Hi all, How can i get the data base connection without using the class.forName. Thanks in advance Hari
Pearlo Muthukumaran
Ranch Hand
Joined: Sep 17, 2002
Posts: 79
posted
0
Hi , You can use the following of course if you are having a App Server in place: import javax.sql.*; import javax.naming.*; ..... ....... and within method Hashtable ht = new Hashtable(); ht.put(Context.INITIAL_CONTEXT_FACTORY,"weblogic.jndi.WLInitialContextFactory"); ht.put(Context.PROVIDER_URL,"t3://localhost:7001"); InitialContext ictx = new InitialContextFactory(ht); DataSource ds = (DataSource)ictx.lookup("some_jdbc_connection_pool_in_server"); Connection cn = ds.getConnection(); ......... then as usual whatever you want to do with connection .............. Hope this serves your need Regards K.Muthukumaran
But i have seen people connecting to dataBase sucessfully in the following manner. how is this done??
Following is the link of the code from javaranch user only who was able to access database without the DriverManager.registerDriver statement and Class.forName.

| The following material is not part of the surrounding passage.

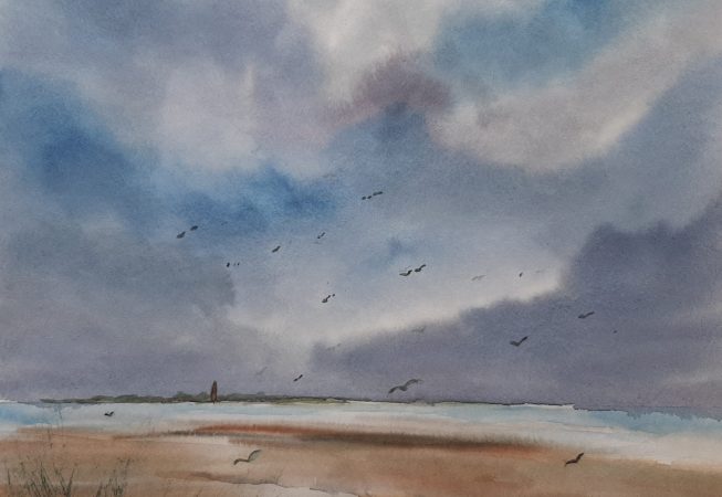 da uns dein Aquarell-Bild: Angler im Watt seit einigen Jahrzehnten in unserem Haus begleitet, freue ich mich über deine neueren Werke. Die Motive haben sich in Form und Farbe verändert und doch bleibt die einfühlsame Darstellung, die den Menschen vor dem Bild berührt.

The user in the thread linked imports the driver and then does the equivalent thing to Class.forName(), except that their code is now hard-coded to the Driver class. Changing database DRivers requires them to recompile their code.
If you've every seen applications like Jira (bug tracking) and a whole bunch of others including anything that accesses a database a wondered 'How do they have code that can change databases so easily?', the answer is using either Class.forName() or a DataSource to make your code independent of the dtaabase type and Driver type.
Dave
Martin Wingert
Greenhorn
Joined: Oct 10, 2005
Posts: 16
posted
0
You can also use the jdbc.drivers property to register a driver to the DriverManager e.g java -Djdbc.drivers=drivers MyProgram. Then you can skip the Class.forName("driver") since the driver will already be registered in the DriverManager.